◆ **ACTIVITY**
Scan the lines below for the string "that". Reply with how many match, and no other words.

◆ **SUPPLIED MATERIAL**
□ □ □ □

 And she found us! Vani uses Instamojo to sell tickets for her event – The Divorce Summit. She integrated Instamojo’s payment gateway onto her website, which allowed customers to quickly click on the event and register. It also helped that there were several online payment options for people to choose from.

□ □ □ □

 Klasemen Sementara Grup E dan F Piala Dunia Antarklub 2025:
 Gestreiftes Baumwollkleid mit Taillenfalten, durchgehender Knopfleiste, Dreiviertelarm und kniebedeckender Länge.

□ □ □ □

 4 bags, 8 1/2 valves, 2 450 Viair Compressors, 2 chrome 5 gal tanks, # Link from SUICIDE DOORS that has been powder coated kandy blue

□ □ □ □

◆ **EXERCISE SOLUTION**
2